INFORMATION SHOWN.

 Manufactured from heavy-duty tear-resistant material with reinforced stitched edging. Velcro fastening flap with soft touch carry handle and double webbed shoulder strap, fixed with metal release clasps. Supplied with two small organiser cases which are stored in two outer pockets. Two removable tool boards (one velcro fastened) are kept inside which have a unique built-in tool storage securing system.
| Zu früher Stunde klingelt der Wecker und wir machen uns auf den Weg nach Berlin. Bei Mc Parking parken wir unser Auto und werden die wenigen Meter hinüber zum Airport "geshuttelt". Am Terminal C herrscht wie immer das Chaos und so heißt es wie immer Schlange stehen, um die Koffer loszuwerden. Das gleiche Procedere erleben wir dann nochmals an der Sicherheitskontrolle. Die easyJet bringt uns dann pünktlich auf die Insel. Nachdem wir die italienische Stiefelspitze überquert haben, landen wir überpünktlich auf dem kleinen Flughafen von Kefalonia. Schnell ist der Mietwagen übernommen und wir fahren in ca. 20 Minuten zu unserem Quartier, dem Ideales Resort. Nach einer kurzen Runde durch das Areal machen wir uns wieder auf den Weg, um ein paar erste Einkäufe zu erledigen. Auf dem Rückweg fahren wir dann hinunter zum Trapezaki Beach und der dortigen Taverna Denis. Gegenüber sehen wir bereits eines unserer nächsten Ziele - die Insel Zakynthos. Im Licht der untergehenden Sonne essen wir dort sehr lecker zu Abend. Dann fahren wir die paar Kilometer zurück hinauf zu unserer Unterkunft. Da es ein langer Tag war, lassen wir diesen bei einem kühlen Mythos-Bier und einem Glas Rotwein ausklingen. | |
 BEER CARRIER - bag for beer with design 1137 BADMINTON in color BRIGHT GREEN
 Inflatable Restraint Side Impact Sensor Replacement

---

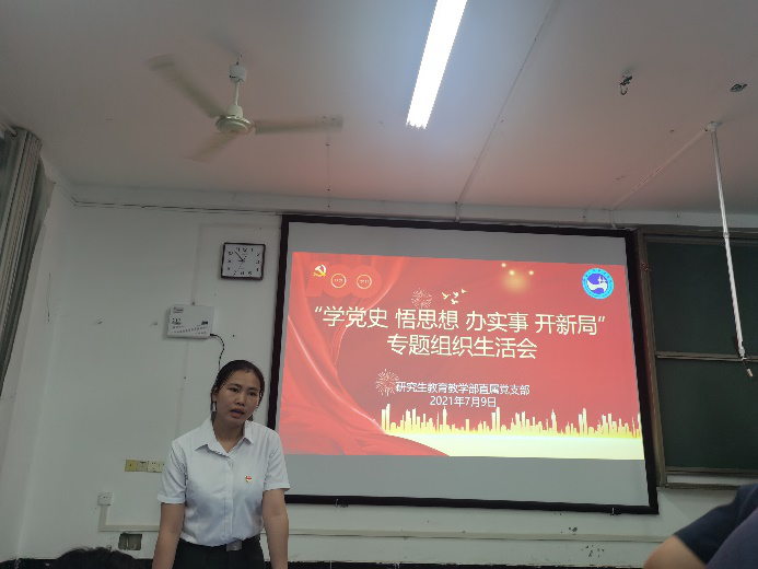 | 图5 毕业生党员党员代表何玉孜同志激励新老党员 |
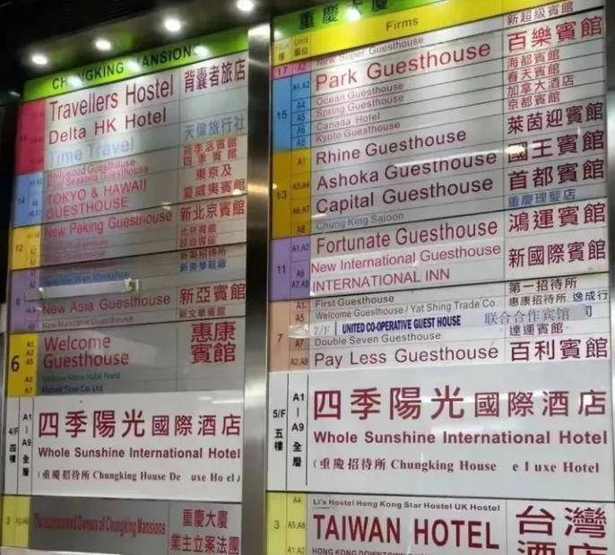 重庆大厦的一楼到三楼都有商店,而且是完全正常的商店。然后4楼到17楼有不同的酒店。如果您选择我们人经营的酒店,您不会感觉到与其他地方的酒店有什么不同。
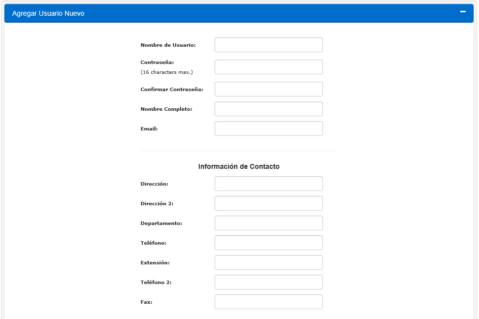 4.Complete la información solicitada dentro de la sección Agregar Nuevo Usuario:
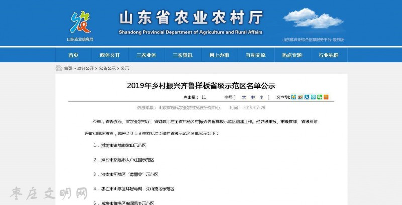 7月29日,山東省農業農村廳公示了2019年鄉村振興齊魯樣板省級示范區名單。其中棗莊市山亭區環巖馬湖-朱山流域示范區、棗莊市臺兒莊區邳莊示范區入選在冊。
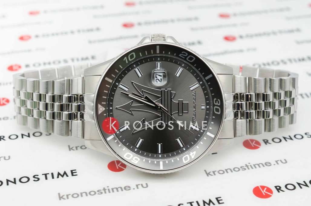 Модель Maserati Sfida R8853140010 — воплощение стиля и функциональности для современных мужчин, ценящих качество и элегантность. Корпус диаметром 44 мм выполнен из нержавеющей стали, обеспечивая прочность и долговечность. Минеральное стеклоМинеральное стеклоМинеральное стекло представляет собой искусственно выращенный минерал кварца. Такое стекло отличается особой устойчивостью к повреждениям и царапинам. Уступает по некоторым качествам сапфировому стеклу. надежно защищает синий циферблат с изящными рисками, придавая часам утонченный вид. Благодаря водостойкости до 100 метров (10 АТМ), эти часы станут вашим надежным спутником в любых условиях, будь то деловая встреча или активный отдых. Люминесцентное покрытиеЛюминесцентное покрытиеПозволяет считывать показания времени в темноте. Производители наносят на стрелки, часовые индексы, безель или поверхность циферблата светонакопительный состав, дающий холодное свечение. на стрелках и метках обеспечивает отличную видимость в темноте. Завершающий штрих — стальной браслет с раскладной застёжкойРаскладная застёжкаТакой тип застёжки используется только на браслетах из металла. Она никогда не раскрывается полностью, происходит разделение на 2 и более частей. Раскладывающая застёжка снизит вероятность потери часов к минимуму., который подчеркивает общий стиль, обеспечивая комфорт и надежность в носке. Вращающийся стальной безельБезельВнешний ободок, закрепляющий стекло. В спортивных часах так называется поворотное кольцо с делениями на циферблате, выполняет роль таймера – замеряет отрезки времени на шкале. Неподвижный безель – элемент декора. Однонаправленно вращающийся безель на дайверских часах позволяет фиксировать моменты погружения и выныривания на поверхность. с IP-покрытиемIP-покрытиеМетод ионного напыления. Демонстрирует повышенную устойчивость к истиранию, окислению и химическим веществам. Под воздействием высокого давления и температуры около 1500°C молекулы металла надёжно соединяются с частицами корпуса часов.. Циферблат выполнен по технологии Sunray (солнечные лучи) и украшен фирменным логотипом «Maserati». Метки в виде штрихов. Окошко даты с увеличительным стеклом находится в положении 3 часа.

WORK REQUEST. In the records above, find the line with "重庆大厦的一楼到三楼都有商店" and the line with "7月29日,山東省農業農村廳", then restate word for word only those two lines and all lines between, omitting pictures.

OUTPUT.
 重庆大厦的一楼到三楼都有商店,而且是完全正常的商店。然后4楼到17楼有不同的酒店。如果您选择我们人经营的酒店,您不会感觉到与其他地方的酒店有什么不同。
 4.Complete la información solicitada dentro de la sección Agregar Nuevo Usuario:
 7月29日,山東省農業農村廳公示了2019年鄉村振興齊魯樣板省級示范區名單。其中棗莊市山亭區環巖馬湖-朱山流域示范區、棗莊市臺兒莊區邳莊示范區入選在冊。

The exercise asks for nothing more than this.